In 2010, only $500 million of the IPO market was generated through special-purpose acquisition company (“SPAC”). SPACs have evolved from being an ignored strategy in reaching the public markets to becoming an attractive method to take a company public, pursue merger opportunities, and to create liquidity for existing shareholders.
As of October 16, 2020, there have been 143 SPAC IPO transactions in 2020. According to Dealogic, SPAC IPOs have raised $53 billion this year. SPACs have raised more money in 2020 than in the last ten years combined. Melissa Karsh & Crystal Tse, SPACs Have Raised More in 2020 Than the Last 10 Years Combined, Bloomberg (Sept. 24, 2020), https://www.bloomberg.com/news/articles/2020-09-24/spacs-have-raised-more-in-2020-than-the-last-10-years-combined.
Historically, Pastore & Dailey LLC has worked on SPAC offerings, litigation, and regulatory proceedings.

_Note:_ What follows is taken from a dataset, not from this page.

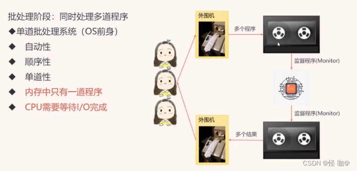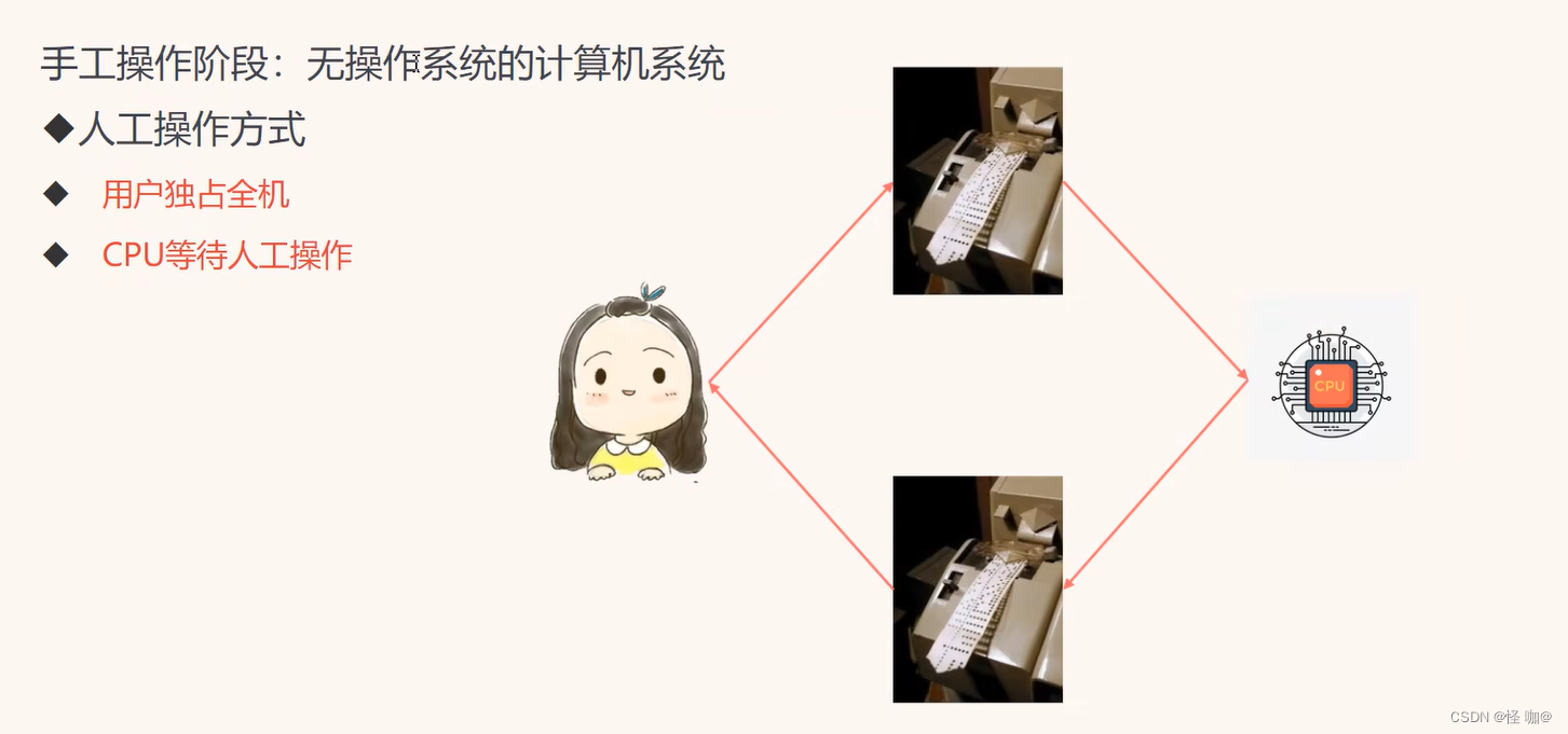 最初的时候计算机所有的操作都需要人工进行干预的,输入和输出都需要通过外围机(就是在纸带上打孔的设备),使用者通过外围机将指令打给cpu进行处理,然后cpu再将结果通过外围机打印出来返回给使用者。

SPACs have become popular in comparison to a traditional IPO because SPACs are cost-efficient and less time-consuming, and they face fewer amounts of due diligence and disclosure requirements than a traditional IPO. In the past, SPACs were generally used by small companies, but now small, mid-size, and large companies are using SPACs to become a public company and raise capital. While historically SPACs had a connotation of a back door method of taking a less than pristine company public, this is no longer the case.

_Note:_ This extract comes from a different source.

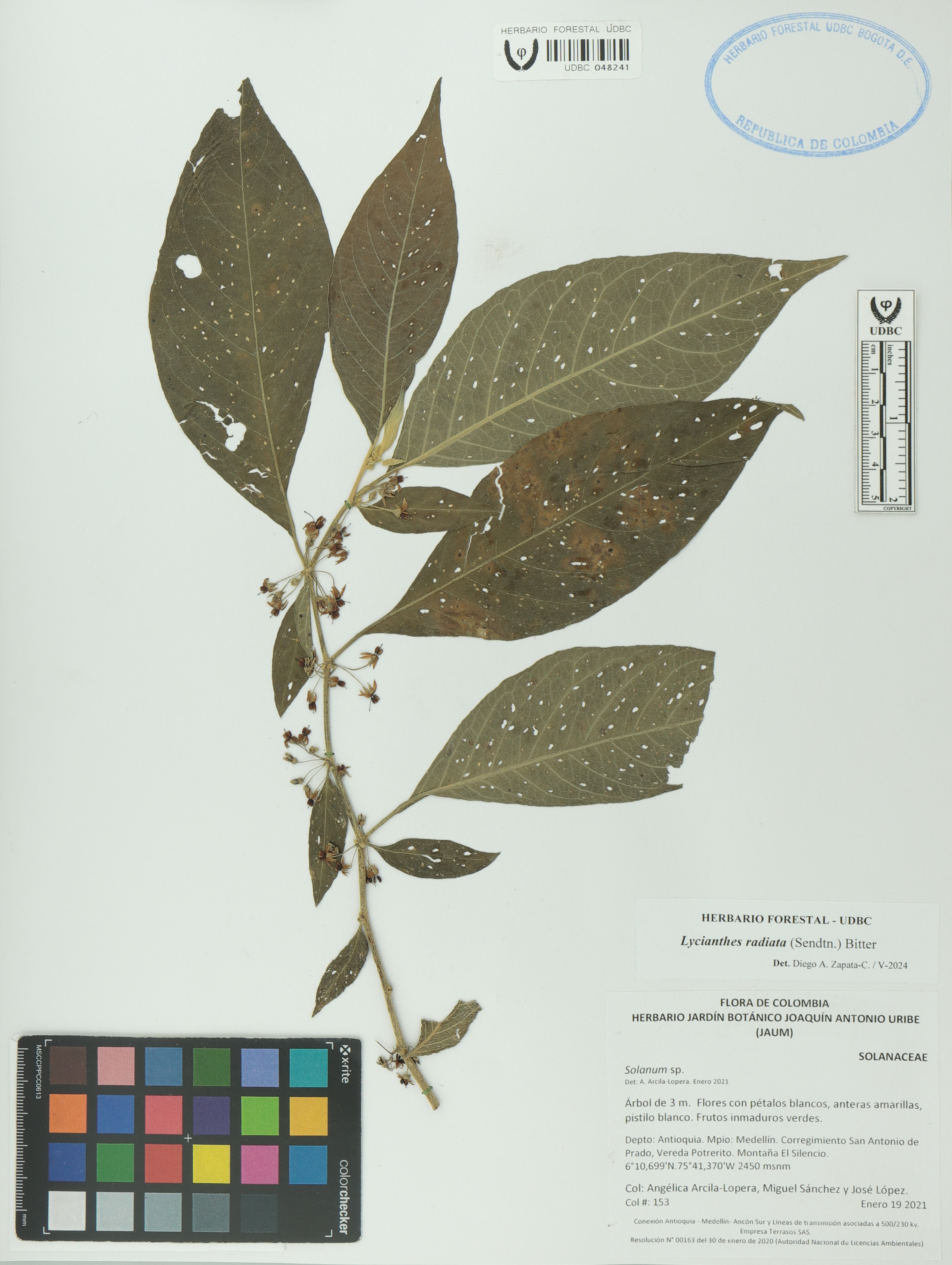 | dc.description | Fotografía del ejemplar Arcila-L., A. 153, determinado como Lycianthes radiata en el año 2024 | |

A SPAC is a publicly traded company that raises capital with the intention of using that capital to acquire a private company. Through the acquisition, the SPAC takes the private company public. Many well-known companies have entered the public markets through a SPAC IPO, such as: DraftKings; Virgin Galactic; Nikola; and Opendoor, a real estate technology company.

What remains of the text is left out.